Me fui a casa fantaseando acerca de mi cena en el restaurante de Rosie. Iba a por la grasa y el colesterol: pan con mantequilla, carne roja, crema agria en todo, y un gran postre bien empalagoso. Me llevaría una novela y leería mientras me atracaba. Me moría de impaciencia. Cuando doblé por Albanil, vi que apenas había aparcamiento. Olvidé otra vez que era miércoles, el día del Ecuador, y los juerguistas copaban todas las plazas. Mientras buscaba un sitio, recorrí la calle lentamente, atenta por si veía otras dos cosas: un coche patrulla, indicio de que la policía había vuelto a casa de Gus, o el Buick Electra azul metálico, señal de que Solana andaba cerca. Ni rastro de lo uno ni de lo otro.

Doblé la esquina hacia Bay y fui hasta el final de la manzana sin ver un solo espacio vacío. Doblé a la derecha por Cabana y de nuevo a la derecha por Albanil para recorrer otra vez la misma calle. Más adelante, en la acera, vi a una mujer con gabardina y zapatos de tacón alto. Mis faros iluminaron por un momento un cabello demasiado rubio para ser natural: pelo de prostituta, muy arreglado y teñido. Era una mujer enorme e incluso vista por detrás resultaba obvio que algo no encajaba. Sólo cuando pasé por delante caí en la cuenta de que era un travestido. Volví la cabeza y lo miré con los ojos entornados. ¿Era Tiny? Lo observé por el retrovisor. Había aparecido un hueco libre y lo ocupé.

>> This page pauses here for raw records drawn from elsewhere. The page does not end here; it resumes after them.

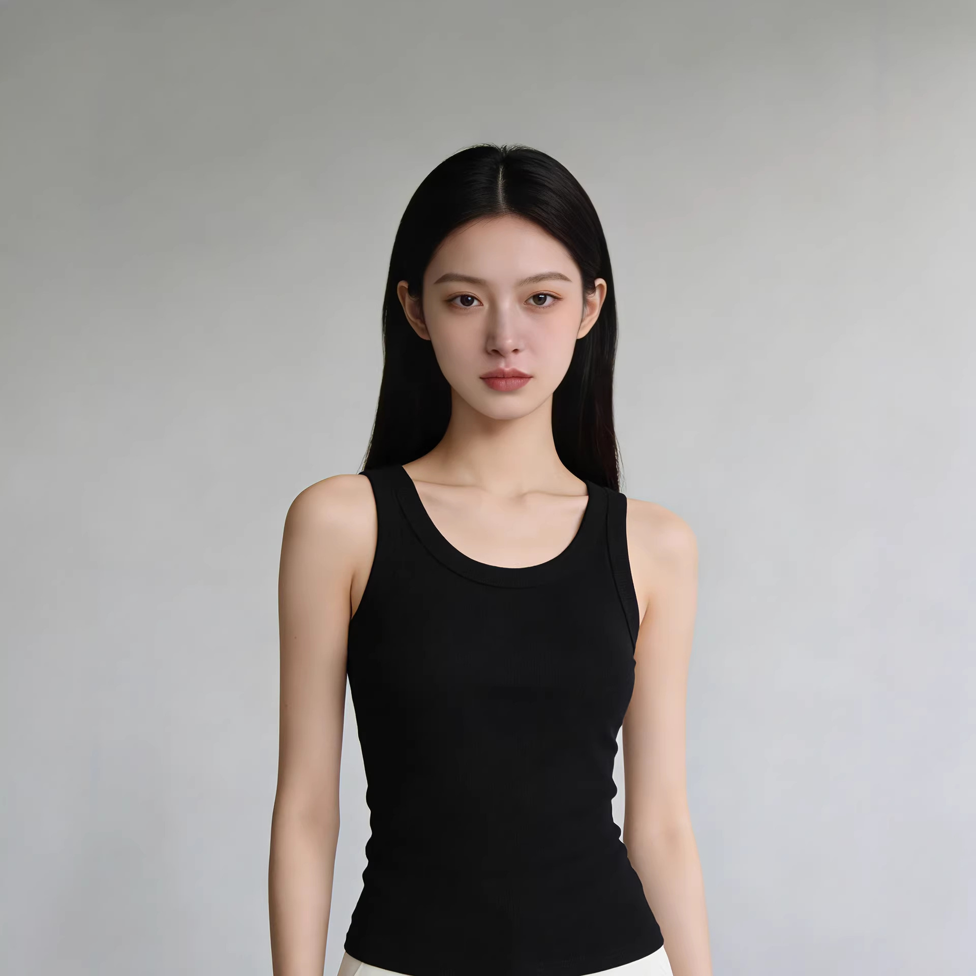 Kamisol Hitam Tank-top Wanita Dalaman 2024 Desain Katun Sisir Model Baru Rompi Huruf Slim Fit Rompi Tali Bahu Tipis Ganda
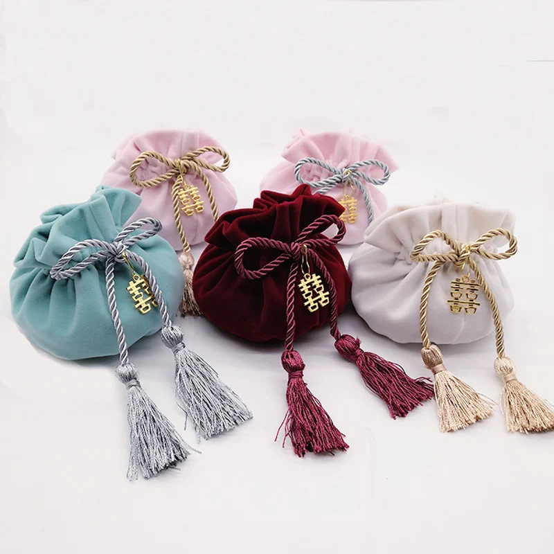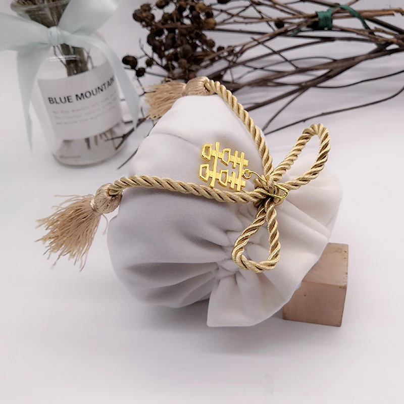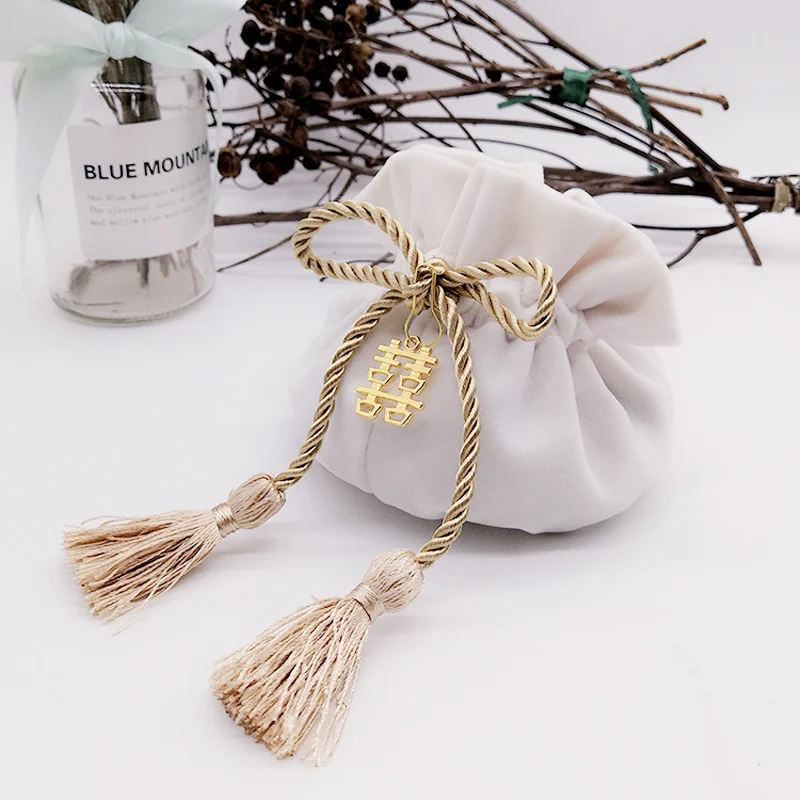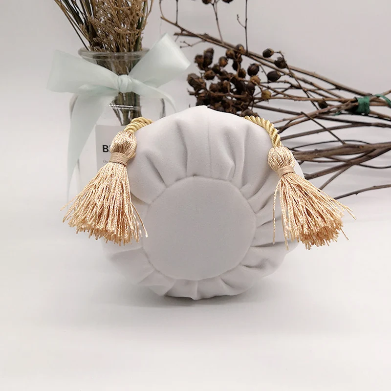 10 шт., белая Золотая круглая подошва с кисточкой + металл 12x17 см, ювелирные изделия на шнурке, Подарочная сумка, большие сумки, бархатная Свадебная сумка для конфет
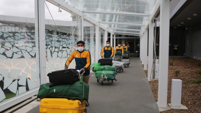 New Zealand Health said the players will now “be tested a minimum of four times while in managed isolation” and the entire squad would be confined to their rooms. Twitter @TheRealPCB[/caption] The host cricket board also alleged a breach of the bio-secure protocol by the visitors who have been asked not train in quarantine and issued a “final warning”. A large 53-strong Pakistan squad, led by Babar Azam, arrived in New Zealand on Tuesday and is serving a mandatory 14-day quarantine period as per COVID-19 protocol. “Two of these six results have been deemed ‘historical’; four have been confirmed as new,” NZC said in a statement without revealing the names of the players who have tested positive for the dreaded virus. However, sources in the PCB said that the six were Sarfaraz, Mohammed Abbas, Abid Ali, Naseem Shah, Rohail Nazir, Danish Aziz. All six members of the squad will be moved to the quarantine arm of a managed isolation facility. Pakistan are here for three T20 Internationals and two Tests. The series begins 18 December in Auckland. “As a consequence, the Pakistan team’s exemption to train while in managed isolation has been put on hold until investigations have been completed,” the NZC stated. The home board also spoke of a protocol breach but did not specify the exact nature of it. “Separately, NZC has also been made aware that some members of the Pakistan team had contravened protocols on the first day of managed isolation. “We will be having discussions with the tourists to assist them in understanding the requirements,” the NZC statement added. According to New Zealand media, the Canterbury District Health Board’s medical officer of health has sent a letter to the squad’s management saying all team members must stay in their rooms until further advised. The breaches, reportedly caught on CCTV cameras, happened despite “clear, consistent and detailed communication of expected behaviours” according to a health ministry spokeswoman. The country’s Director-general of health Dr Ashley Bloomfield said rule breaking was being taken very seriously. “It is a privilege to come to New Zealand to play sport, but in return teams must stick to the rules that are designed to keep COVID-19 out of our communities and keep our staff safe,” Bloomfield was quoted as saying by stuff.co.nz. “The team as a whole has been issued with a final warning,” he said. At least 10 Pakistan cricketers had tested positive for COVID-19 before the team’s England tour earlier this year. Prior to leaving Lahore, all members of the Pakistan squad returned negative results on the four occasions they were tested. In addition to the senior squad, Pakistan’s A team is also here to compete in a couple of four-day matches beginning 10 December.
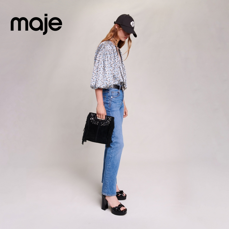 时尚 法式 气质丹宁蓝修身 显瘦直筒长裤 Maje 牛仔裤 Outlets秋冬女装
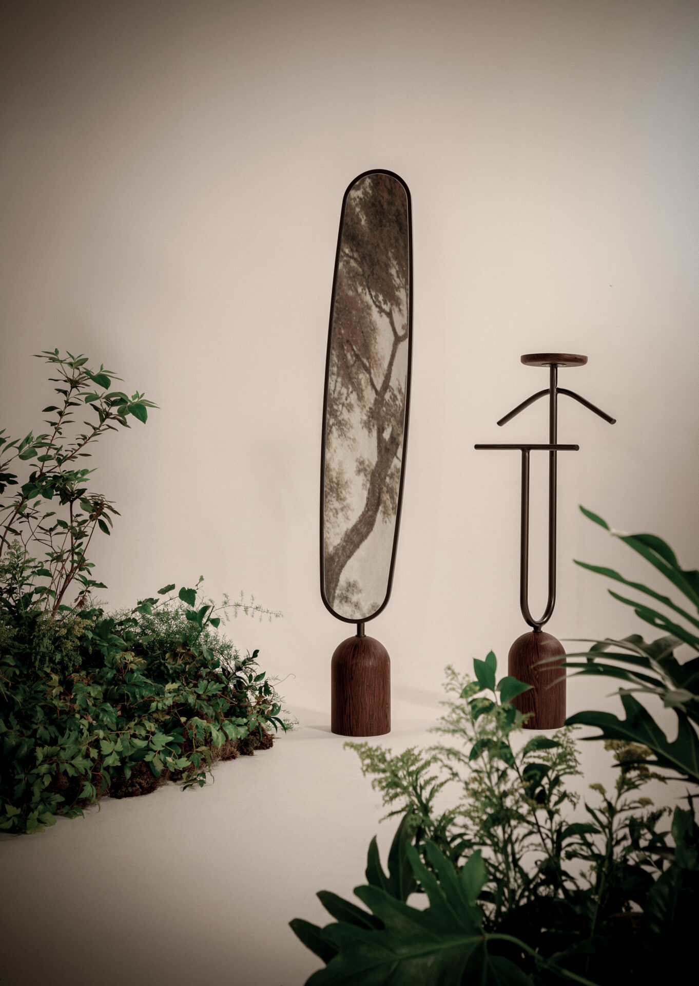 La línea Sammy está disponible en versiones de espejo de pie y perchero. Las piezas, construidas a partir de una imponente base de madera y estructuras metálicas, forman una composición que aporta toques de Art Déco mediante la valorización del objeto como escultura funcional y la elegancia de su silueta. En el espejo, la estructura metálica sostiene con ligereza una superficie ovalada, creando un contraste entre materiales.
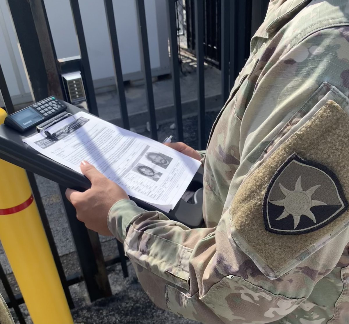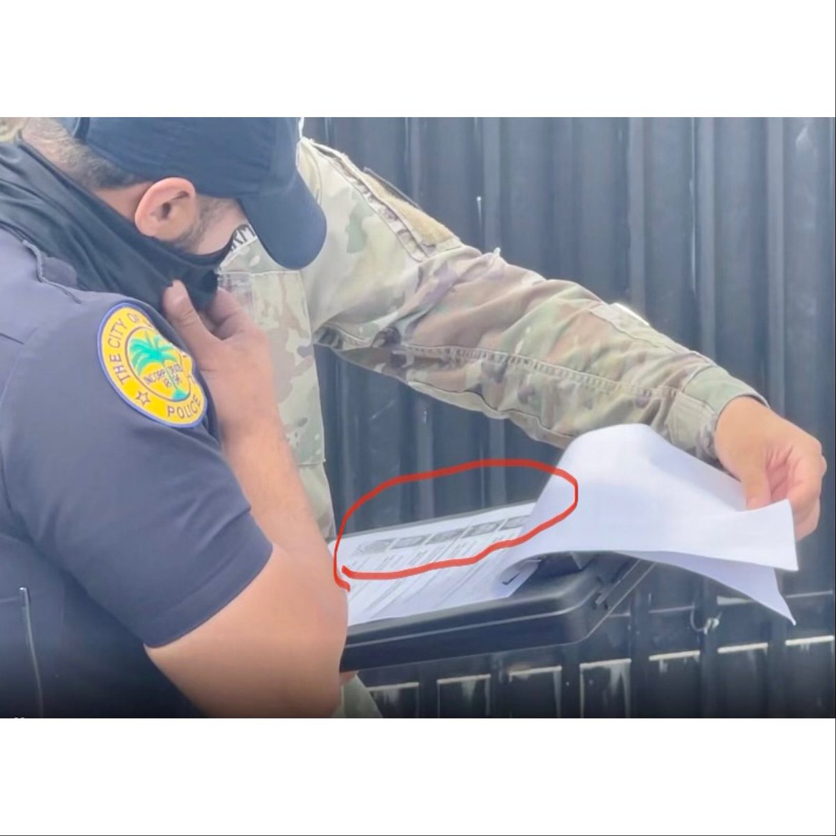 Here is a video of military personnel and police reviewing documents with my picture and information after they stopped me from entering a tax payer funded Ron Desantis press conference.
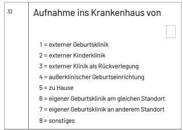Dieses Datenfeld „Aufnahme ins Krankenhaus von“ (Spezifikation 2026 V02, Datenfeldnummer 32) sieht wie folgt aus:
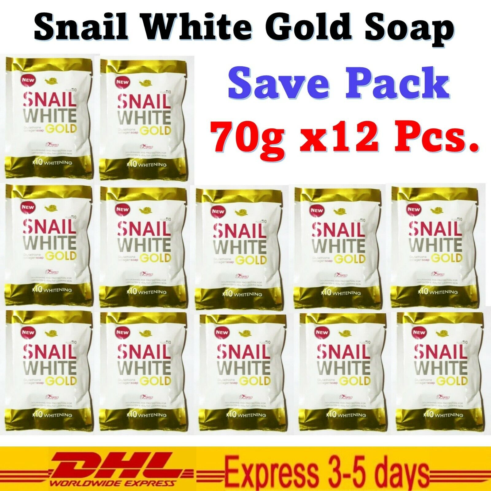 12x Snail White Gold Soap x10 vitamins C, E Reduce Freckles Acne Beauty Skin

Antes de apagar el motor, miré hacia la acera detrás de mí. No se veía el menor rastro de la «nena», de modo que bajé la ventanilla un par de dedos esperando oír el taconeo en el asfalto. La calle estaba en silencio. Si era Tiny, o bien había vuelto sobre sus pasos o bien había doblado la esquina. Aquello no me gustaba. Saqué la llave del contacto y me quedé con ella en la mano, cerrando el puño en torno al llavero y dejando asomar las llaves entre los dedos. Miré por encima del hombro derecho una vez más, inspeccionando la acera antes de abrir la puerta del coche.

Sentí que me arrancaban el tirador de la mano y la puerta se abría de par en par. Agarrándome del pelo, me levantaron y me sacaron del coche. Caí de culo en el suelo y sentí una punzada de dolor en la rabadilla. Reconocí a Tiny por el olor, corrosivo y fétido. Mientras lo miraba, intenté levantarme. Llevaba la peluca rubio platino torcida y vi asomarle la barba pese a un afeitado reciente. Se había quitado la gabardina y los zapatos de tacón. Vestía una blusa de mujer y tenía una falda de talla XXL recogida por encima de la cintura para darle libertad de movimiento. Seguía sujetándome por el pelo con las manos. Me agarré a ellas y tiré con fuerza para evitar que me arrancara el cuero cabelludo. Las llaves habían caído al suelo, casi debajo del coche. Ahora no tenía tiempo para preocuparme por eso. Forcejeé para levantarme. Conseguí apoyar firmemente los pies y le asesté una patada en la rodilla derecha. El tacón de la bota habría causado algún daño a no ser por su mole, que lo hacía casi impermeable al dolor. La adrenalina le corría por las venas, hiperexcitado por su propia fuerza. En las pantorrillas y la parte inferior de los muslos el vello quedaba aplastado bajo las medias de la talla más grande existente en el mercado. Desde la entrepierna, allí donde el nailon se había tensado al límite, se irradiaban numerosas carreras. Emitía resoplidos guturales, en parte por el esfuerzo, en parte por la excitación ante la idea de los daños que infligiría antes de acabar conmigo.